Americans Forget Climate Change as CCP Virus Dominates Airwaves

Americans Forget Climate Change as CCP Virus Dominates Airwaves
A sign advises people to observe social distancing guidelines outside Ford's Chicago Assembly Plant in Chicago, Ill., on May 20, 2020. (Scott Olson/Getty Images)
Alan McDonnell
8/14/2020
Updated:
8/14/2020
Researchers at the University of Colorado (CU) Boulder have found that with the CCP (Chinese Communist Party) virus dominating media coverage in recent weeks and months, large numbers of Americans have turned their attention away from worrying about climate change and the environment to focus on the global pandemic.
“If a threat seems physically distant, far in the future, too abstract or if we are just too distracted to notice it, our perception of risk declines,” senior author Leaf Van Boven, a professor of psychology and neuroscience at Boulder, told Science Daily. “Climate change is the prototypical example.”
Instead of using a questionnaire to ask a sample of the population what they were worried about, Van Boven and fellow researchers from CU analyzed Google search behavior to estimate public concern for the issue of climate change. The researchers found that as media coverage of the CCP virus increased, interest in other areas of public concern—including climate—had plummeted.

Greta Led the Way

The most recent spike in U.S.-based Google searches on the issue of climate change came in late September 2019. Interestingly, the peak in interest coincided with the visit of then-16-year-old Swedish climate activist Greta Thunberg to the United Nations Climate Action Summit in New York, where she delivered a speech to world leaders.
Greta Thunberg speaks at the United Nations during a summit on climate change, in New York City, on Sept. 23, 2019. (Spencer Platt/Getty Images)
Greta Thunberg speaks at the United Nations during a summit on climate change, in New York City, on Sept. 23, 2019. (Spencer Platt/Getty Images)

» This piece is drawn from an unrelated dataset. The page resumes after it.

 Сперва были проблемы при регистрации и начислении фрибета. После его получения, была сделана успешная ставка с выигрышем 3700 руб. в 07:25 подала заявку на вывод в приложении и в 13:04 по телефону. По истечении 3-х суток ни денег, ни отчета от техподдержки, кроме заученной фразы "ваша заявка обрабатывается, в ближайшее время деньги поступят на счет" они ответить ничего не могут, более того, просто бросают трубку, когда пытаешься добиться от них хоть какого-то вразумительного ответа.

Thunberg accused politicians of coming to young people for hope in the face of impending climate catastrophe before accusing global leaders of stealing her childhood and her dreams for the future with their “empty words.”

As the video of Thunberg’s speech spread on television and social media, web searches for the term “climate change” reached levels that analysts had not seen in years. At the end of 2019, Thunberg graced Time magazine’s cover as its ‘Person of the Year’—with the magazine claiming that it selects an individual based on how much they are perceived to have influenced events that year.
By the summer of 2020, however, Google analytics data showed that searches for information on environmental issues had reached new lows, as the CCP virus crisis monopolized headlines around the world.

Perceptions of Risk

Van Boven told Science Daily that directing one’s attention to an environmental risk for even a short period of time can make it appear to be more frightening and, thus, cause the observer to consider it to be more in need of resolution. “On the flip side,” Van Boven said, “if you are not actively paying attention, the risk seems less dangerous and less important to address.”
Smoke emerges from a large stack at the coal-fired Brandon Shores Power Plant in Baltimore, Md., on March 9, 2018. (Mark Wilson/Getty Images)
Smoke emerges from a large stack at the coal-fired Brandon Shores Power Plant in Baltimore, Md., on March 9, 2018. (Mark Wilson/Getty Images)

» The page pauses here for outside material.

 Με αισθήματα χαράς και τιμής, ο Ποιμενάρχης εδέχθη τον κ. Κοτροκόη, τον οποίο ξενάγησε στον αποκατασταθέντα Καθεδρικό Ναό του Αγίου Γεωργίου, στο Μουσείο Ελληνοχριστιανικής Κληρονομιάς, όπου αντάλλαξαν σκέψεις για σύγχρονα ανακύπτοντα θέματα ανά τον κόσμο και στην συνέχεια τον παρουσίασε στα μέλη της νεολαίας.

Previous research in the field of human behavior had shown that human beings have “a finite capacity for attention to risk,” the researchers said, with the human mind conditioned to prioritize one threat to human welfare at a time. Furthermore, humans tend to rely less on reason in determining the level of risk associated with a threat, but to lean on their intuitive perception of the risk at hand—or “how something feels in the moment,” Van Boven explained.

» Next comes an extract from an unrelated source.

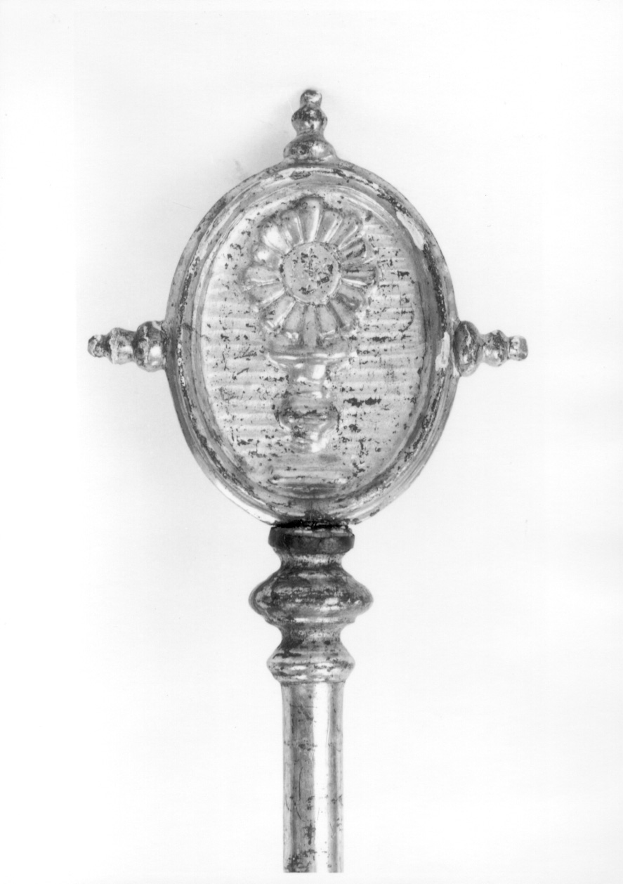 l'insegna è composta da una mostra di forma ovale con tre raggi torniti sui lati liberi, con al centro l'emblema dell'ostensorio raggiato, unito, con un nodo tornito, a un fusto argentato

The researchers explained that as media coverage of the CCP virus has increased, other issues are no longer being prioritized in the minds of Americans. Study co-author, Kellen Mrkva, pointed to a recent Gallup poll showing that only 2 percent of Americans view climate change as the most important issue facing the nation—down from 5 percent of respondents in late 2019.

“It’s all COVID all the time right now,” Van Boven said.

Pandemic Trumps Climate

A July 24 Harris Poll conducted for Fortune magazine seems to confirm the CU Boulder research.

“Battered by pandemic and economic collapse, do Americans have the capacity to care about the environment? Not so much,” says Harris Poll CEO, Will Johnson, citing data collected by his organization.

According to Harris Poll research from December 2019, American adults judged climate change to be the “number one issue facing society,” said Johnson. “Today, it comes in second to last on a list of a dozen options, ahead of only overpopulation.”

Johnson said that more than a third of Generation X male respondents now say climate change is unimportant, though the issue remains a concern for retirement-age women and millennial men.

Johnson also noted with concern that when the CCP virus crisis comes to an end, American adults say they intend to return to modes of behavior—in terms of consumption, transportation and energy use—that will increase their carbon footprints.